=== Work request ===
Each of the entries beneath this task should be written out exactly.

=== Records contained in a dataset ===
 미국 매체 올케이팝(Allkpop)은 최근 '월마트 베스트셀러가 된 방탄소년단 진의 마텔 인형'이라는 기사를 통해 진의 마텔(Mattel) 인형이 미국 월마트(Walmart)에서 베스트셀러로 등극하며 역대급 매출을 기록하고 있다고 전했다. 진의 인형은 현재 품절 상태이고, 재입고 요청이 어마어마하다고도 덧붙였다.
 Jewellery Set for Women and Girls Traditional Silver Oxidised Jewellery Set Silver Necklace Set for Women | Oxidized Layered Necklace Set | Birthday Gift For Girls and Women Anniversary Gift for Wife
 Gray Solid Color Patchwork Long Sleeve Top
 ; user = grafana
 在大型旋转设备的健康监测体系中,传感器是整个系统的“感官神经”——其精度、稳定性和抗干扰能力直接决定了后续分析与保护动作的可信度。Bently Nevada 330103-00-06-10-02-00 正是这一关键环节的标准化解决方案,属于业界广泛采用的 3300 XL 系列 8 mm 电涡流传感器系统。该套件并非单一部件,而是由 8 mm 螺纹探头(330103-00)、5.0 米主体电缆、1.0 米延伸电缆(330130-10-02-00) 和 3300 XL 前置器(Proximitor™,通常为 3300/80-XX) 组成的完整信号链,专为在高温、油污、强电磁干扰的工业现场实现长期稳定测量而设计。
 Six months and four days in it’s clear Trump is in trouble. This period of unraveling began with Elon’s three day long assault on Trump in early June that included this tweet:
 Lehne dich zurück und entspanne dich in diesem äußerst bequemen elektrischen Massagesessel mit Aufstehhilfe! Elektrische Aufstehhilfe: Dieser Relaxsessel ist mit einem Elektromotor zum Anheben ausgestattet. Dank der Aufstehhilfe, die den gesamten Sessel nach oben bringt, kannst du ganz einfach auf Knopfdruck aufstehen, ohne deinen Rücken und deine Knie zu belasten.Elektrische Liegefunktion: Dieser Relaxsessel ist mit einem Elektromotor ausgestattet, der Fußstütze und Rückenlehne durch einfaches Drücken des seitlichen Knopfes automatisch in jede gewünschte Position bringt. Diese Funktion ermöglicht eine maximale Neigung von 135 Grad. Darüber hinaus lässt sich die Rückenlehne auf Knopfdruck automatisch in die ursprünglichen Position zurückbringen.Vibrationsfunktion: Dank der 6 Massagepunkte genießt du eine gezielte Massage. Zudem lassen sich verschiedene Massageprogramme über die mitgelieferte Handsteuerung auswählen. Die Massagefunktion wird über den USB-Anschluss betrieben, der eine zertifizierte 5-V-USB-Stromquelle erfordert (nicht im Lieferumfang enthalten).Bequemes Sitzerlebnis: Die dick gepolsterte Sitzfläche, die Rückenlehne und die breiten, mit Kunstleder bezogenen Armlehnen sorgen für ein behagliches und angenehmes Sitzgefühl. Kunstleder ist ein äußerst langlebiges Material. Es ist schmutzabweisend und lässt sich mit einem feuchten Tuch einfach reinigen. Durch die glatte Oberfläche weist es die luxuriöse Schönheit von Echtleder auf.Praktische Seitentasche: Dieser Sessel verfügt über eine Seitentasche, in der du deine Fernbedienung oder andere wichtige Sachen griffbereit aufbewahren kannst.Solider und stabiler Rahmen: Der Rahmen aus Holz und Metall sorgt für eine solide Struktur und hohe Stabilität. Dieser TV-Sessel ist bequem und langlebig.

=== Written answer ===
 미국 매체 올케이팝(Allkpop)은 최근 '월마트 베스트셀러가 된 방탄소년단 진의 마텔 인형'이라는 기사를 통해 진의 마텔(Mattel) 인형이 미국 월마트(Walmart)에서 베스트셀러로 등극하며 역대급 매출을 기록하고 있다고 전했다. 진의 인형은 현재 품절 상태이고, 재입고 요청이 어마어마하다고도 덧붙였다.
 Jewellery Set for Women and Girls Traditional Silver Oxidised Jewellery Set Silver Necklace Set for Women | Oxidized Layered Necklace Set | Birthday Gift For Girls and Women Anniversary Gift for Wife
 Gray Solid Color Patchwork Long Sleeve Top
 ; user = grafana
 在大型旋转设备的健康监测体系中,传感器是整个系统的“感官神经”——其精度、稳定性和抗干扰能力直接决定了后续分析与保护动作的可信度。Bently Nevada 330103-00-06-10-02-00 正是这一关键环节的标准化解决方案,属于业界广泛采用的 3300 XL 系列 8 mm 电涡流传感器系统。该套件并非单一部件,而是由 8 mm 螺纹探头(330103-00)、5.0 米主体电缆、1.0 米延伸电缆(330130-10-02-00) 和 3300 XL 前置器(Proximitor™,通常为 3300/80-XX) 组成的完整信号链,专为在高温、油污、强电磁干扰的工业现场实现长期稳定测量而设计。
 Six months and four days in it’s clear Trump is in trouble. This period of unraveling began with Elon’s three day long assault on Trump in early June that included this tweet:
 Lehne dich zurück und entspanne dich in diesem äußerst bequemen elektrischen Massagesessel mit Aufstehhilfe! Elektrische Aufstehhilfe: Dieser Relaxsessel ist mit einem Elektromotor zum Anheben ausgestattet. Dank der Aufstehhilfe, die den gesamten Sessel nach oben bringt, kannst du ganz einfach auf Knopfdruck aufstehen, ohne deinen Rücken und deine Knie zu belasten.Elektrische Liegefunktion: Dieser Relaxsessel ist mit einem Elektromotor ausgestattet, der Fußstütze und Rückenlehne durch einfaches Drücken des seitlichen Knopfes automatisch in jede gewünschte Position bringt. Diese Funktion ermöglicht eine maximale Neigung von 135 Grad. Darüber hinaus lässt sich die Rückenlehne auf Knopfdruck automatisch in die ursprünglichen Position zurückbringen.Vibrationsfunktion: Dank der 6 Massagepunkte genießt du eine gezielte Massage. Zudem lassen sich verschiedene Massageprogramme über die mitgelieferte Handsteuerung auswählen. Die Massagefunktion wird über den USB-Anschluss betrieben, der eine zertifizierte 5-V-USB-Stromquelle erfordert (nicht im Lieferumfang enthalten).Bequemes Sitzerlebnis: Die dick gepolsterte Sitzfläche, die Rückenlehne und die breiten, mit Kunstleder bezogenen Armlehnen sorgen für ein behagliches und angenehmes Sitzgefühl. Kunstleder ist ein äußerst langlebiges Material. Es ist schmutzabweisend und lässt sich mit einem feuchten Tuch einfach reinigen. Durch die glatte Oberfläche weist es die luxuriöse Schönheit von Echtleder auf.Praktische Seitentasche: Dieser Sessel verfügt über eine Seitentasche, in der du deine Fernbedienung oder andere wichtige Sachen griffbereit aufbewahren kannst.Solider und stabiler Rahmen: Der Rahmen aus Holz und Metall sorgt für eine solide Struktur und hohe Stabilität. Dieser TV-Sessel ist bequem und langlebig.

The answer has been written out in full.